Work required:
All records below are to be transcribed exactly, with every picture left out.

The data:
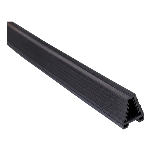 Profil s trojúhelníkovým průřezem s vnitřními komorami zajišťuje rovnoměrný docisk po celé délce madla a tlumí vibrace a napětí skleněné tabule. Pružný materiál kompenzuje tolerance tloušťky skla v rozmezí 1,5 mm, takže jedna velikost těsnění obslouží různé tabule — pohodlné řešení při objednávkách s více variantami zasklení.
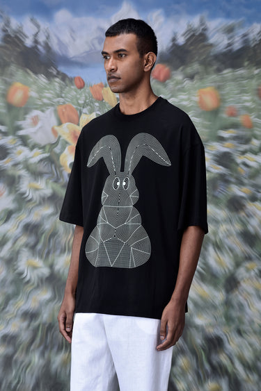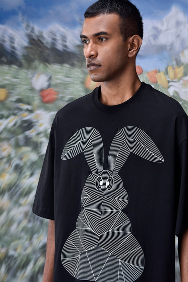 Presenting our Linear Rabbit T-Shirt in Black where detail is echoed in the Linear Rabbit print, where a familiar motif becomes eccentric through thoughtful print language.
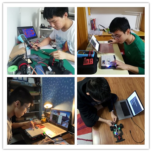 面对学生居家无仪器设备、无实验材料、无人指导的“三无”困境,学院迅速采取行动,各竞赛负责教师通过多方调研,积极争取训练设备。经过团队的反复论证,在多家在线训练平台中,最终选择了一款融合了十二种教学仪器设备,能提供多样化的教学和实验手段,支持上百个基础实验和综合实验训练项目的“口袋式”竞赛训练设备。在师生的积极配合下,100多套设备和实验器材送达学生手中,家庭“电子实验室”由此诞生,竞赛培训工作顺利启动。
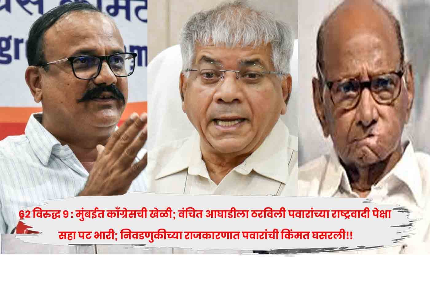 मुंबईत काँग्रेसची खेळी; वंचित बहुजन आघाडीला ठरविली शरद पवारांच्या राष्ट्रवादीच्या...
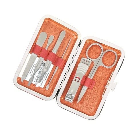Cestovní manikúrní set 6 ks v korálovém provedení. Stříbrná sada obsahuje nůžky, kleštičky na nehty, zkosenou pinzetu, pilník, manikúrní tyčinku a zatlačovač kůžičky. Ideální velikost do kabelky či na cesty.

Solved exercise:
 Profil s trojúhelníkovým průřezem s vnitřními komorami zajišťuje rovnoměrný docisk po celé délce madla a tlumí vibrace a napětí skleněné tabule. Pružný materiál kompenzuje tolerance tloušťky skla v rozmezí 1,5 mm, takže jedna velikost těsnění obslouží různé tabule — pohodlné řešení při objednávkách s více variantami zasklení.
 Presenting our Linear Rabbit T-Shirt in Black where detail is echoed in the Linear Rabbit print, where a familiar motif becomes eccentric through thoughtful print language.
 面对学生居家无仪器设备、无实验材料、无人指导的“三无”困境,学院迅速采取行动,各竞赛负责教师通过多方调研,积极争取训练设备。经过团队的反复论证,在多家在线训练平台中,最终选择了一款融合了十二种教学仪器设备,能提供多样化的教学和实验手段,支持上百个基础实验和综合实验训练项目的“口袋式”竞赛训练设备。在师生的积极配合下,100多套设备和实验器材送达学生手中,家庭“电子实验室”由此诞生,竞赛培训工作顺利启动。
 मुंबईत काँग्रेसची खेळी; वंचित बहुजन आघाडीला ठरविली शरद पवारांच्या राष्ट्रवादीच्या...
Cestovní manikúrní set 6 ks v korálovém provedení. Stříbrná sada obsahuje nůžky, kleštičky na nehty, zkosenou pinzetu, pilník, manikúrní tyčinku a zatlačovač kůžičky. Ideální velikost do kabelky či na cesty.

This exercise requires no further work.